Recent developments of voice controlled IF

Hey all. I’m an infrequent haunt of these forums, never sticking around long enough to really become familiar, but never losing interest enough to stay away. As a result, I haven’t kept tabs on developing IF technology.

I am curious about the feasibility of an IF game controlled entirely by voice. Perhaps a verbal signal would be given (some equivalent of “Hey Google”), or perhaps a button would be pressed, followed by the prompt for the game.

Possibly the experience would be made more immersive, as the response could be a combination of voice acting and sound effects. This could also allow enjoyment of the game without hands, such as while driving.

The famous ChatGPT Skyrim mod utilizes the Whisper AI to convert speech to text. Has something like this been attempted before, or is this direction for IF being developed right now? What should I look into to find out more about this idea?


There was a pretty long thread about this recently. I’ll try to find it; one sec…


Okay, so this thread kinda had two parallel topics, but the point where AI-powered voice-handling got introduced was around here.


Thanks for this post. However, I don’t think it quite is what I’m looking for. In standard IF, all allowable inputs are predetermined and handled. This post discusses something more like AI dungeon, where the game itself is generatively created based on inputs.

I’m looking for a way to control a standard, story driven game with the actual typing replaced by speaking, and the actual reading replaced by listening. Basically, can there be a truly auditory gameplay experience?

If there are examples of this being done well, I’d love to hear of titles. And if there are tools in existence already to accomplish this, I would like to hear of them.

Also, if I didn’t read the thread thoroughly enough and it does talk about this, I apologize! Thanks for your time.


Are you looking for something more than just playing a normal parser-IF game with a screenreader for output and Talon or Dragon or whatever for input?

Edit: IIRC there is stuff around interactive audio fiction but I don’t think any of that really happens here. I feel like Austin Auclair or someone did a NarraScope talk one year? I’m not turning that up on a quick search, hrmph. Tends to be more commercial stuff and requires a bit of a budget rather than the hobbyist text stuff that’s more common here…


Yeah, I’m pretty sure that this was in the thread. The discussion included both one possibility where the whole thing was LLM, and another possibility where the game was using a standard, author-made game model, and the LLM was just trying to match user input to the closest-available author-implemented command (if memory serves; I jumped into the thread about halfway through).

Then there was a discussion on some possible accessibility drawbacks of voice-controlled IF, and that a keyboard fallback should always be made available to the player, regardless of if an LLM is involved in any way or not. This was started about when I jumped in, which is why the link lands partway through.


Feldo organises a yearly sound-based jam, and I remember him mentioning one IF-like game. (I think it’s the 2020 one, most years, there hasn’t been any entry)
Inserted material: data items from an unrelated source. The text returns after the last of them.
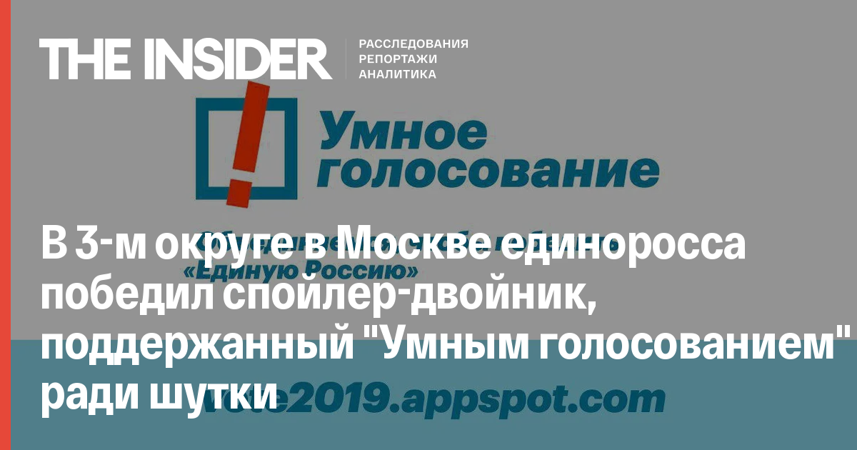 В 3-м округе в Москве единоросса победил спойлер-двойник, поддержанный "Умным голосованием" ради шутки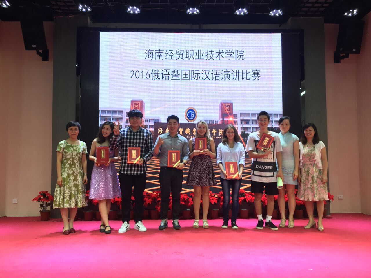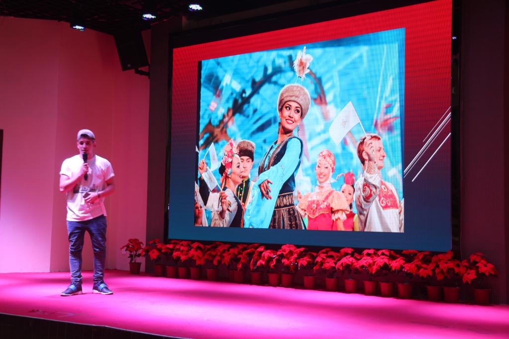 比赛分为主题演讲、现场问答和才艺展示三个部分,中外员工同台比赛献艺。俄语演讲《万绿园》、歌曲演唱“至青春”、诗朗诵《商鞅之死》、学英语电影配音……中国员工的精彩表演获得了如雷掌声。职工也不甘示弱,演讲《第一次来中国》《韩国一日游》《我的国家哈萨克斯坦》带着大家游历各国,体验不同的民族文化和美食。经过角逐,2014级刘小妹获得俄语演讲比赛一等奖,俄罗斯职工王明获得国际汉语演讲一等奖。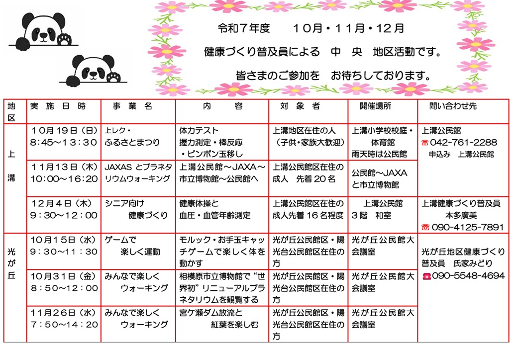 令和7年 10月、11月、12月の事業予定をお知らせします。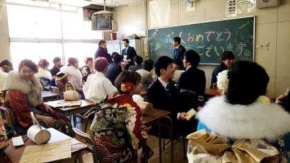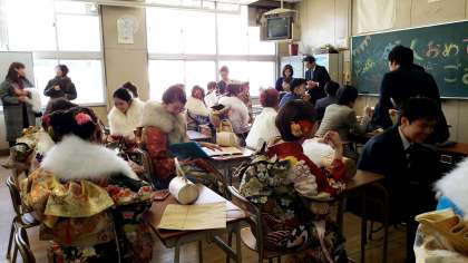 教室でクラスごと、タイムカプセルに入れたものを担任の先生から受け取っています。

Several interpreters work with screen readers. I think the general wisdom is to focus on compatibility with screen reader systems rather than doing bespoke audio input/output.

I see. And if the main selling point of the game was the immersion of sound effects and voice acting integrated with voice commands, would it no longer be considered IF even if the mechanics were the same idea? Would the prominence of the audio in the game make it a different genre of game?

I think some of us would be interested in hearing about it if you made something: this forum “promotes a broad definition of Interactive Fiction” – but if you’re looking for other people working on similar things, or even for pointers to who is working on this kind of thing or what has and hasn’t been tried, it’s enough of an outlier that I suspect you’re not going to find much here, that’s all.


Ah, well I don’t think anyone would consider it not to be IF, and we’d love to see more of it. A few IF works have sound effects or music, but voice acting is far beyond most projects’ budgets.


Ah, gotcha. Thanks

Two other past threads here came to mind—here’s one discussing the possibilities and drawbacks:

And one where someone shared an example game:

(Edit: Actually I’m not sure if the example game is voice-controlled or just audio with regular player input, as I haven’t played it.)


This seems like the most useful thing. An AI/LLM could be trained on a game and serve as the “interpreter” between the player and the parser so it could actually improvise those new-player commands that make sense to them WALK OVER TO THE TABLE; the AI could probably judgmentally translate that to EXAMINE TABLE and give the parser response. Or reallize the player is trying to walk everywhere and suggest, “If you were going to walk a compass direction, which way would it be? You can actually go north, south, or northwest from here?”

Basically a “conversational” parser, which makes more sense with a voice-bank like Siri instead of voice actors and pre-recorded lines. Maybe there might be something in actors recording for speech-banks that are more conducive to storytelling inflections rather than GPS navigation.

AudioIF doesnt work properly becouse you can’t save/load. Try it and comment here.